DuckDB natively supports a single-file storage format, which is partitioned into fixed-size blocks of 256KB. The first block contains a header that points to the table catalog and a list of free blocks, and the catalog contains pointers to lists of schemas, tables, and views. Each table consists of a number of blocks that hold the data, and checkpoints write new blocks containing updated data to the file and update the root pointer and free list atomically.
In addition, DuckDB supports Apache Arrow as a data interchange format, allowing for easy data import and export with other Arrow-enabled systems. DuckDB leverages Arrow's vectorized data processing capabilities to accelerate query processing, taking advantage of the cache-efficient memory layout and SIMD instructions provided by Arrow.
DuckDB also includes a zero-dependency Parquet reader that can directly execute SQL queries on Parquet files without any import or analysis step. The system reads Parquet files in a streaming fashion and automatically detects which columns and rows are required for any given query, enabling analysis of larger and more complex Parquet files without manual optimizations or additional hardware. Additionally, DuckDB can run queries directly on top of Parquet files without requiring an initial loading phase, and it takes advantage of all of Parquet's advanced features to speed up query execution.
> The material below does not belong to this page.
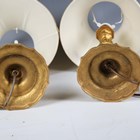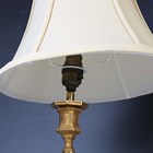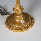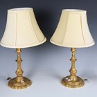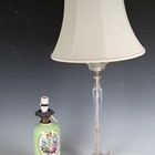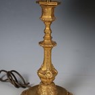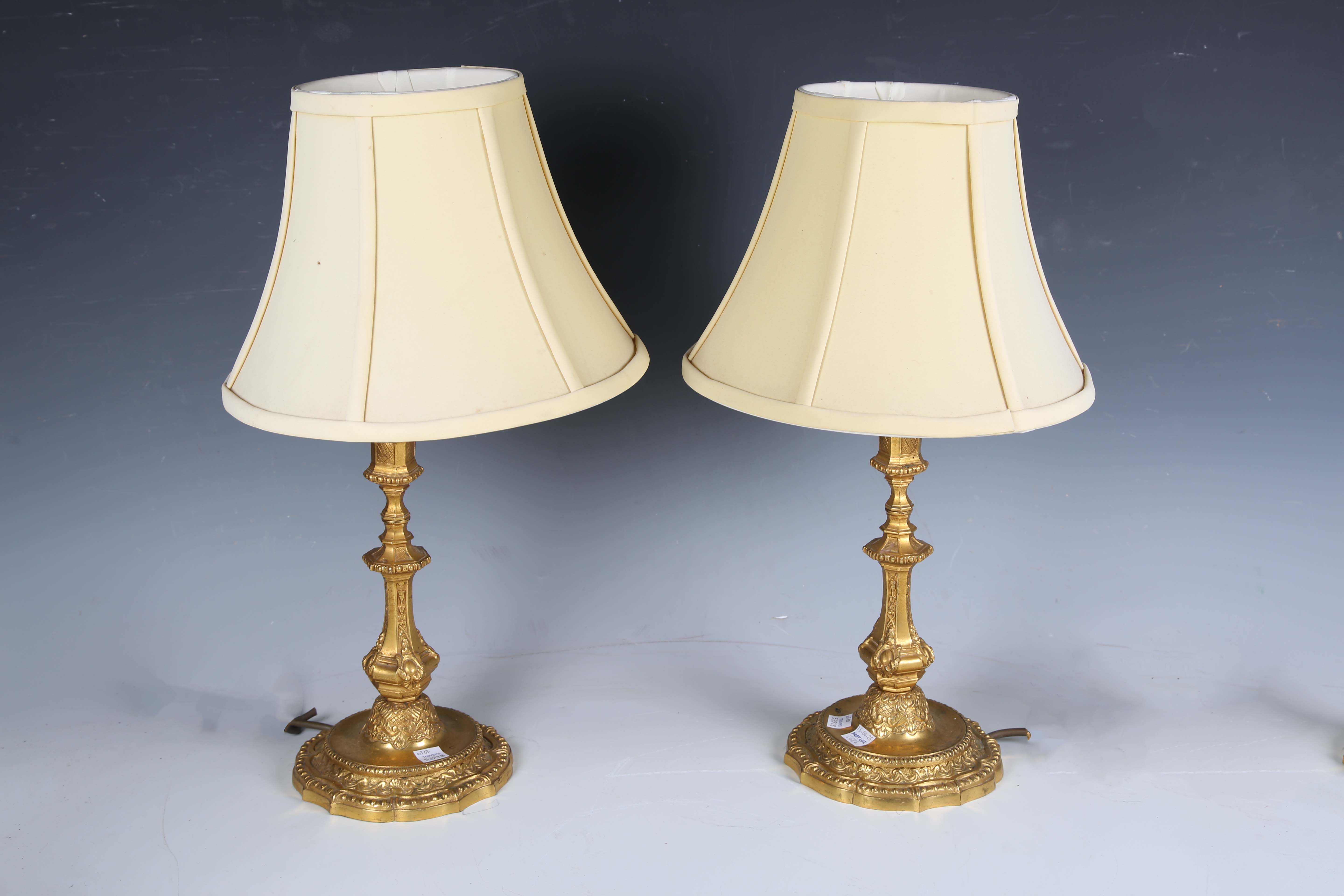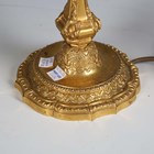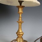 A pair of 19th century French cast ormolu candlesticks, converted to table lamps, height to sconce 25cm, together with a 19th century porcelain lamp base and cut glass table lamp.

DuckDB uses a decomposition storage model, specifically a columnar layout for persistent storage. Logical tables are horizontally partitioned into chunks of columns, and these chunks are compressed into physical blocks using lightweight compression methods. The physical blocks are organized into a read-optimized DataBlocks storage layout, where each block contains min/max indexes for every column. This allows DuckDB to determine if a block is relevant to a query. Additionally, each block also carries a lightweight index for every column, which further restricts the amount of values that need to be scanned during query processing.
DuckDB is an embedded analytical system. It enables local storage and querying of large amounts of data while providing transactional guarantees. At the same time, DuckDB is seamlessly integrated with analysis tools for convenient data access and eliminates data transfer bottlenecks. The system is optimized for OLAP workloads while still maintaining OLTP functionality.